Introduction To Common Oil-Analysis Tests (And How To Take A Successful Sample)

EP Editorial Staff | January 31, 2011


Oil analysis is one of the most valuable condition-monitoring tools available to reliability-focused operations. Why? It can save countless dollars by preventing equipment failures and helping maximize the life of lubricants.

Oil analysis tells us the condition of a lubricant, which, in turn, lets us be proactive about replacing it before equipment damage occurs. Wear debris analysis—a specific type of oil analysis—also can tell the condition of equipment, which allows us to respond to potential failures at an early stage.
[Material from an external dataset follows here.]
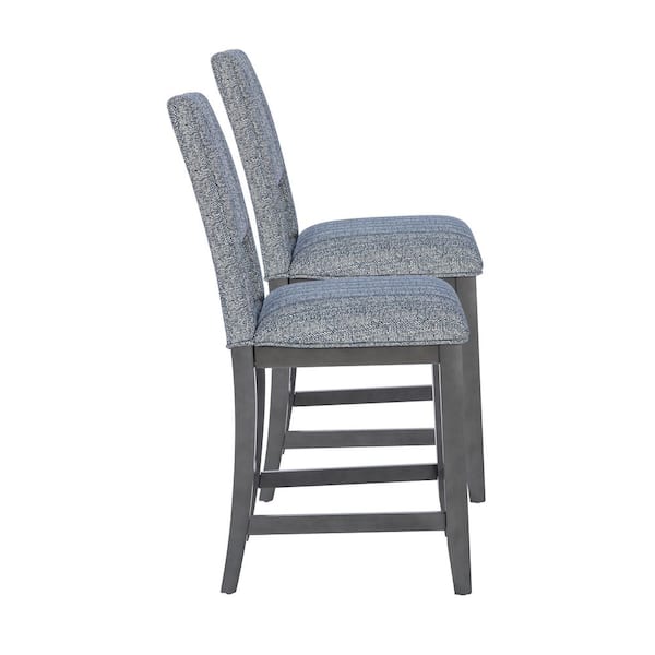 Jesey 25 in. Distressed Charcoal Gray High Back Wood Counter Stool with Fabric Seat Set of 2

In short, the proper use of oil analysis can help:

  • Improve asset reliability
  • Identify and eliminate repetitive equipment problems
  • Reduce unscheduled maintenance
  • Maximize use of lubricants in service
  • Reduce maintenance and lubrication costs
  • Extend equipment component life

Tests for oil condition include:

  • Viscosity measures the resistance of a fluid to flow, is the most important property of a lubricant.
  • Karl Fischer measures all forms of water at low levels and is recommended for industrial equipment. (The Qualitative Crackle test is used for engine oils.)
  • Acid Number measures acid buildup, which denotes oxidation.
  • FTIR measures chemistry changes in a lubricant, which are good indicators of oxidation and nitration.
  • Base Number is for engine oils. It measures the depletion of the detergent, which neutralizes acids.
  • Flash Point is a measure of light components, which lower the viscosity of lubricants.
  • Particle Counts, by size and amount, are determined with the use of a laser counter.
  • Voltammetry measures depletion of antioxidants in lubricants.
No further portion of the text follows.